Exercise objective → Output, word for word, each line from the one with "Kisassa kahdeksanneksi sijoittuneen" through the end of the listing below, excluding every picture.

Provided records →
BEGIN
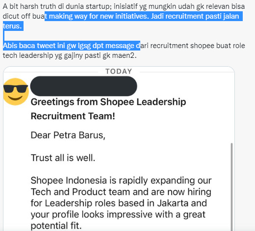 Empathy, unity & unwavering support for the weak in amidst tech crisis globally. Not only in Indonesia. Too much firing when just 1 month ago (is) May Day. Even empathy to her. As a person in past has too much painful etcetera etcetera etcetera, I really feel how big the crisis now, folks. No lie.
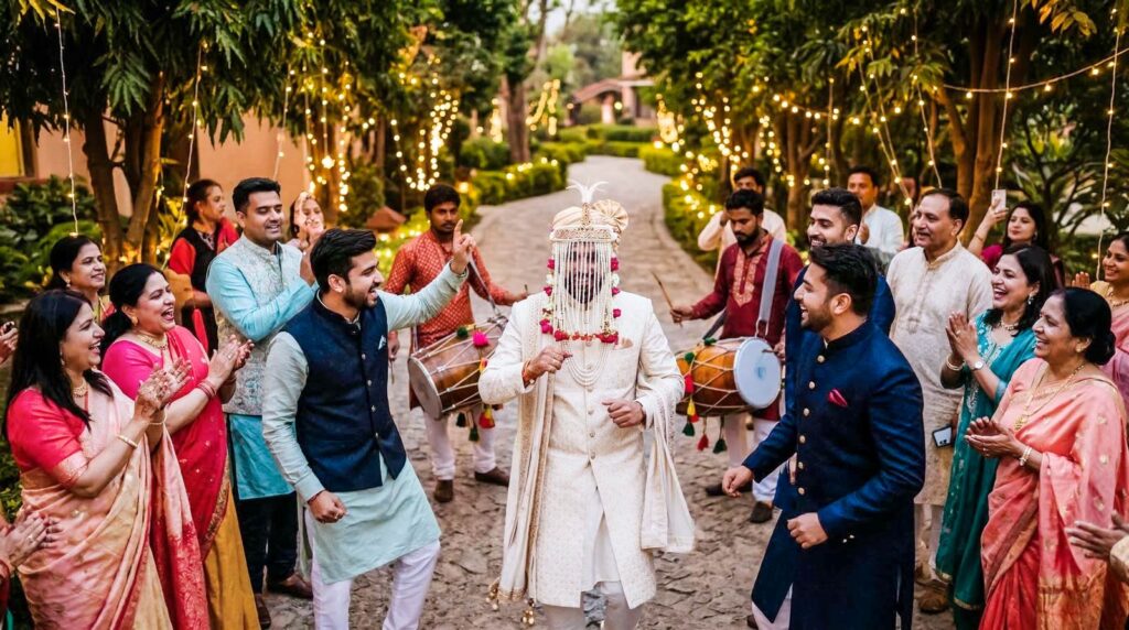 The baraat is one of the most energetic parts of an Indian wedding. The groom arrives with friends and family dancing to dhol beats and music while the entire procession moves toward the wedding venue. For a candid wedding photographer in Faridabad, the baraat offers incredible moments of movement, laughter, and spontaneous celebration that reflect the true excitement of the wedding day.
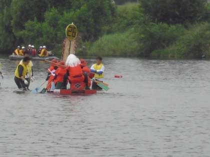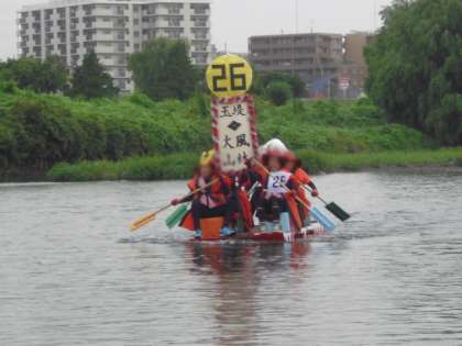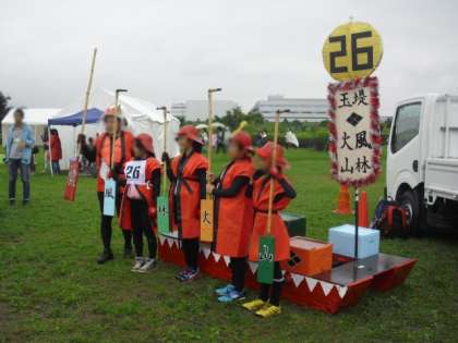 玉堤風林火山(26)が見えてきました。最後まで、息を合わせて一生懸命漕いでいます。コスチュームがとても目立っています。
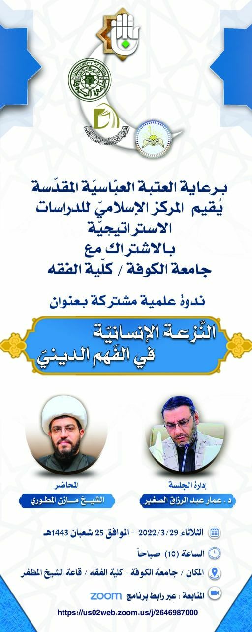 <p dir="RTL" style="margin-left:0in; margin-right:0in; text-align:right"><span style="font-size:14pt"><span style="font-family:Arial,"><strong><span style="font-size:16.0pt">عقَدَ المركزُ الإسلاميّ للدّراسات الاستراتيجيّة التابع لقسم الشؤون الفكريّة والثقافيّة في العتبة العبّاسية المقدّسة، بالاشتراك مع كلّية الفقه في جامعة الكوفة، ندوةً علميّة تحت عنوان: (النَّزعـة الإنسـانيّة في الفَـهم الـدينيّ) قدّمها الشيخ مازن المطوري.</span></strong></span></span></p>
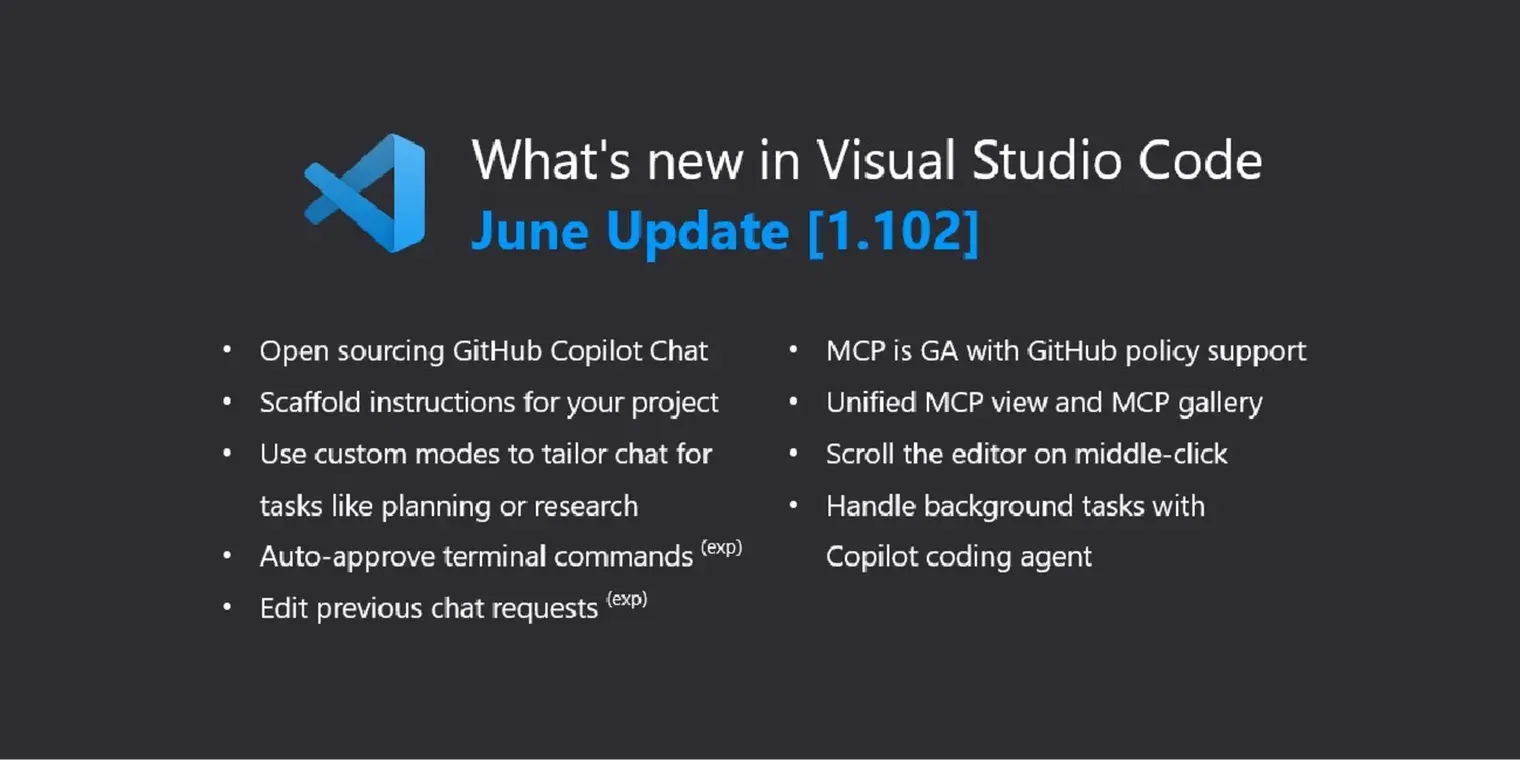 VS Code 1.102新增Copilot Chat自定义模式、命令自动批准和MCP支持
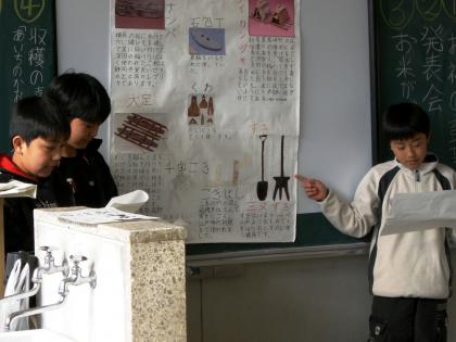 1月30日,家庭科室で収穫祭を行いました。みんなで作ったお米でおにぎりを作り,お世話になった方々と一緒におにぎりを食べました。また,グループ研究の代表発表も行ったり一年間の活動をスライドで振り返ったりしました。
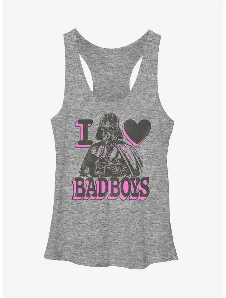 Don’t underestimate the Star Wars Darth Vader Bad Boy Heather Gray Racerback Tank Top; it’s got charm that’s hard to resist! Darth Vader is featured on the front of this soft gray shirt with “I Love Bad Boys” printed in pink and black around him. 50% Polyester, 25% Cotton, 25% Rayon.
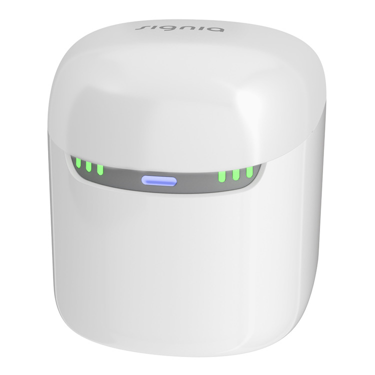 This Signia Pure Dry & Clean Charger is compatible with all Signia Pure Charge & Go AX/IX hearing aids, including CROS & T-coil versions.
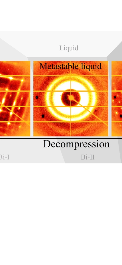 Washington, D.C.--Phase transitions surround us—for instance, liquid water changes to ice when frozen and to steam when boiled. Now, researchers at the Carnegie Institution for Science* have discovered a new phenomenon of so-called metastability in a liquid phase. A metastable liquid is not quite stable. This state is common in supercooled liquids, which are liquids that cool below the freezing point without turning into a solid or a crystal. Now, scientists report the first experimental evidence of creating a metastable liquid directly by the opposite approach: melting a high-pressure solid crystal of the metal bismuth via a decompression process below its melting point.
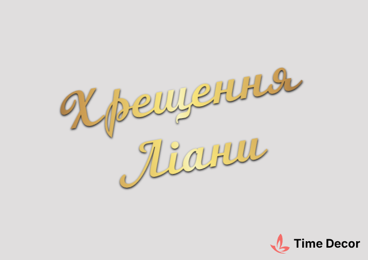 Пластиковий напис "Хрещення Ліани" – дзеркальний або матовий пластик, можливе виготовлення з клейкою зворотною поверхнею для легкого монтажу.
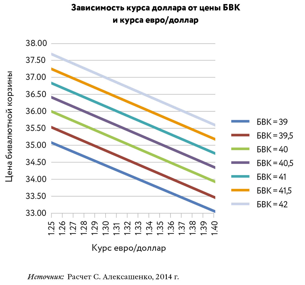 Рубль особенно сильно упал по отношению к евро. Курс европейской валюты бьет исторические рекорды, перескочив за 48 рублей, а «зеленый» стоит вполне «пристойные» 35 руб. (самым дорогим доллар был 19 февраля 2009 года — 36,43 рубля). Дело в том, что Банк России уже много лет регулирует курс рубля по отношению к так называемой «бивалютной корзине» (БВК), которая на 55% состоит из американского доллара, а на 45% — из евро. Таким образом, курс доллара в России зависит не только от «воли и желания» Центрального банка, но и еще от соотношения курса евро/доллар. Так, при цене БВК в 41 рубль и курсе евро/доллар = 1,25, $1 будет стоить 36,85 рубля, а при курсе евро/доллар = 1,4 — 34,74 рубля (см. график справа). В декабре-январе курс евро/доллар устойчиво держится на весьма высоком историческом уровне (1,35–1,38), что делает евро более дорогой валютой для россиян.
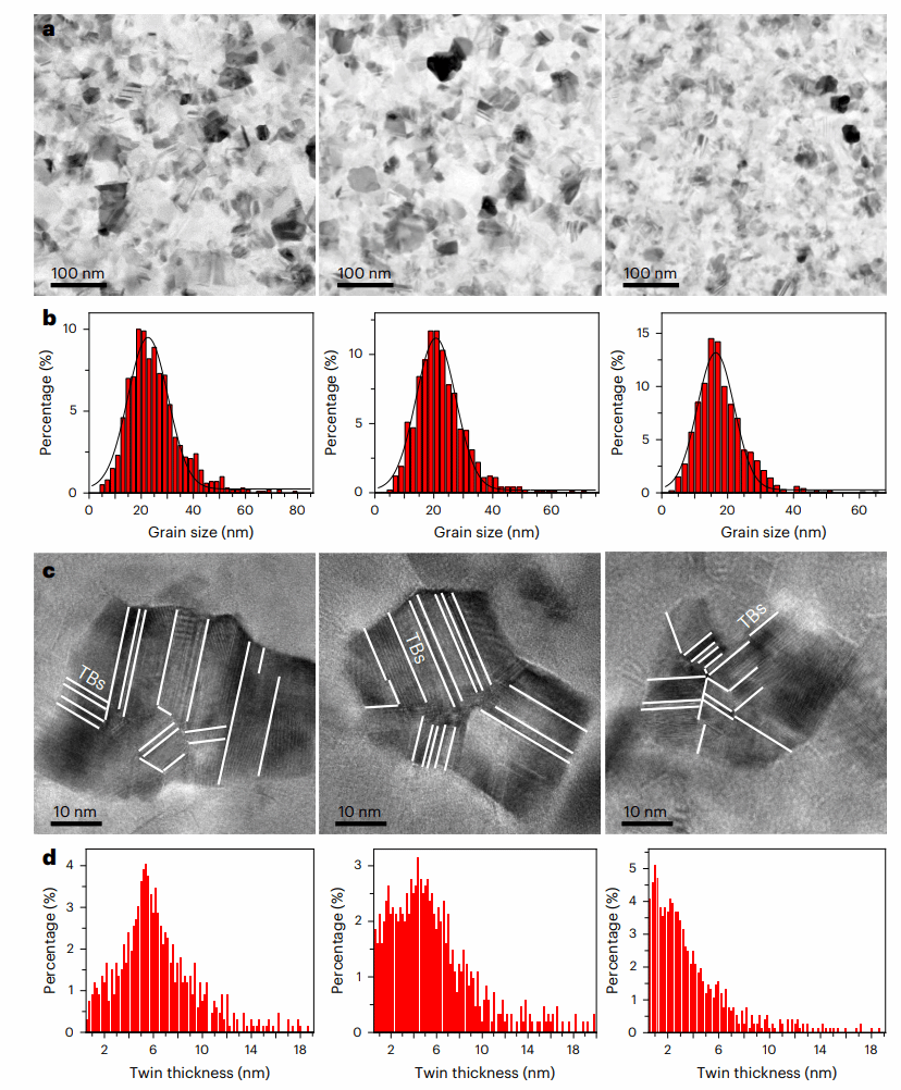 在最新研究中,研究团队通过精确控制洋葱碳前驱体尺寸,并利用高压相变技术,成功合成出硬度达到276 GPa的超细纳米孪晶金刚石。其平均晶粒尺寸为18 nm,平均孪晶厚度仅2.3 nm。通过电镜观察,样品中发现了贯穿型和互锁型孪晶构型,其中互锁型孪晶结构占主导地位。相比之下,用金刚石粉为原料制备的纳米晶金刚石,尽管晶粒同样细小(24 nm),但缺乏密集互锁型孪晶结构,硬度仅为125 GPa。
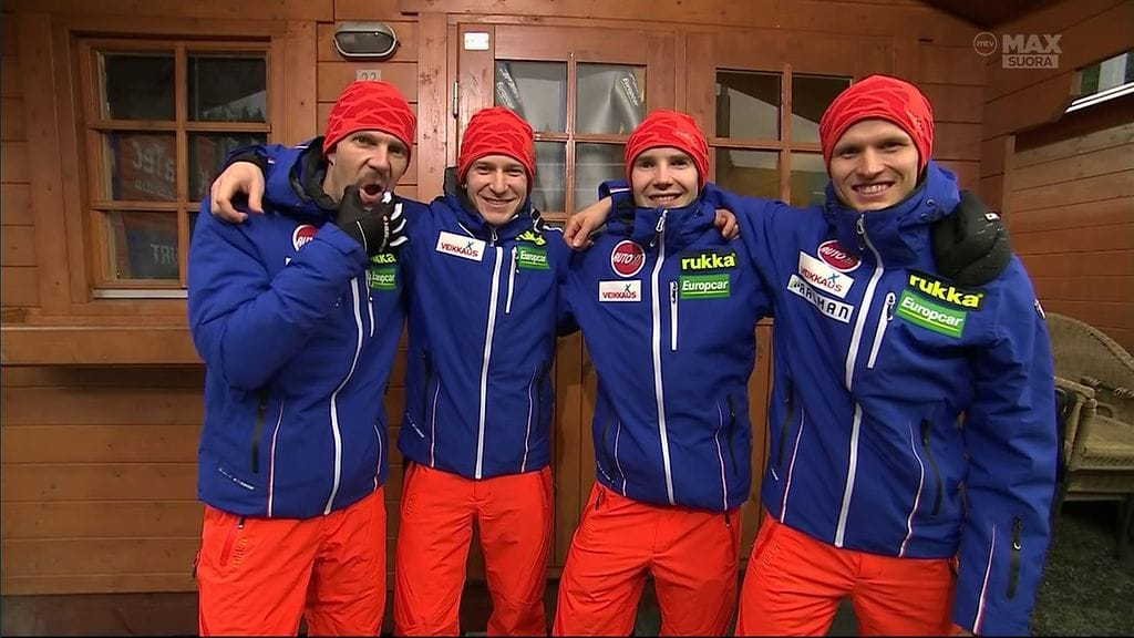 Kisassa kahdeksanneksi sijoittuneen Suomen joukkueen muodostivat Lauri Asikainen, Ville Larinto, Harri Olli ja Janne Ahonen. Ahonen kaatui ensimmäisen hyppynsä loppuliu’ussa, mutta ei loukannut itseään.
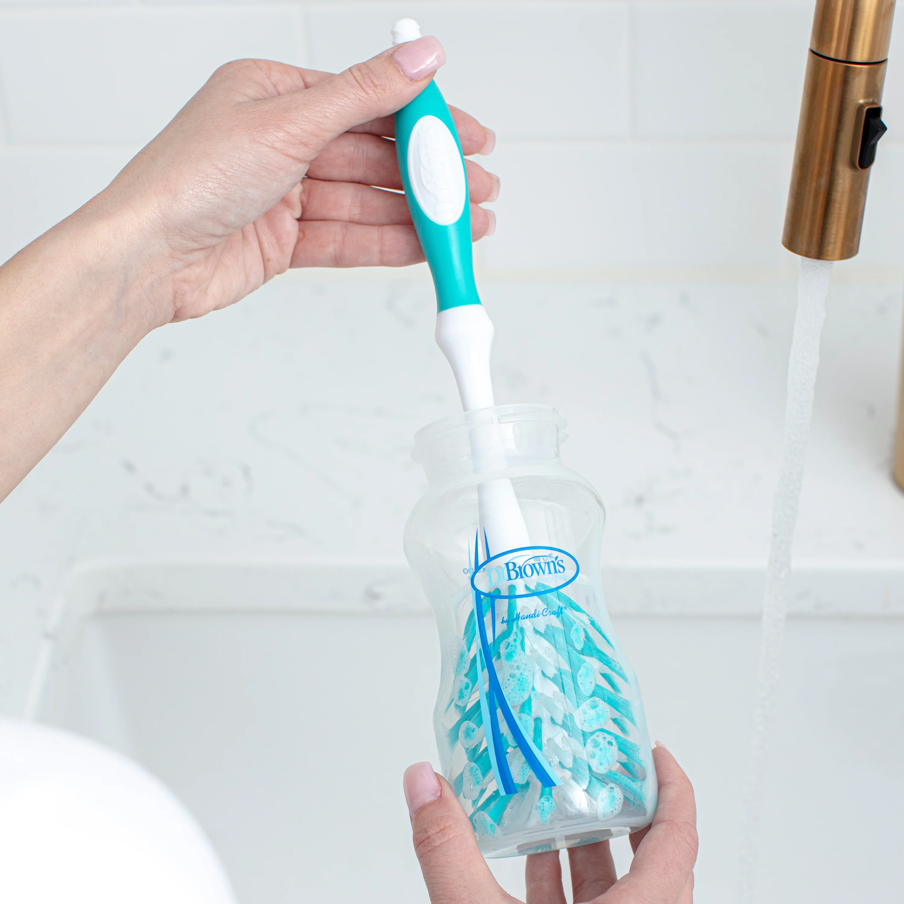 - Angled bristle pattern reaches all corners of bottles
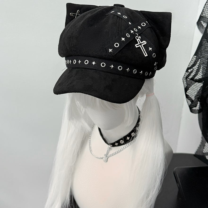 被るだけでコーディネート全体が引き締まり、「強め」な地雷系スタイルが完成します。
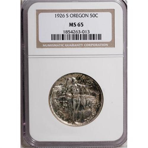 <B>1926-S 50C Oregon MS65 NGC.</B></I> NGC Census: (805/637). PCGS Population (840/404). Mintage: 83,055. Numismedia Wsl. Price for NGC/PCGS coin in MS65: $268. (#9341)<BR><I>From The Frank DuVall Collection of U.S. Commemoratives.</B></I><BR><BR><b>Shipping:</b> Coins & Currency (<a target="_blank" href="http://www.heritageauctions.com/common/shipping.php">view shipping information</a>\)
END
Reply to the exercise →
 Kisassa kahdeksanneksi sijoittuneen Suomen joukkueen muodostivat Lauri Asikainen, Ville Larinto, Harri Olli ja Janne Ahonen. Ahonen kaatui ensimmäisen hyppynsä loppuliu’ussa, mutta ei loukannut itseään.
 - Angled bristle pattern reaches all corners of bottles
 被るだけでコーディネート全体が引き締まり、「強め」な地雷系スタイルが完成します。
 <B>1926-S 50C Oregon MS65 NGC.</B></I> NGC Census: (805/637). PCGS Population (840/404). Mintage: 83,055. Numismedia Wsl. Price for NGC/PCGS coin in MS65: $268. (#9341)<BR><I>From The Frank DuVall Collection of U.S. Commemoratives.</B></I><BR><BR><b>Shipping:</b> Coins & Currency (<a target="_blank" href="http://www.heritageauctions.com/common/shipping.php">view shipping information</a>\)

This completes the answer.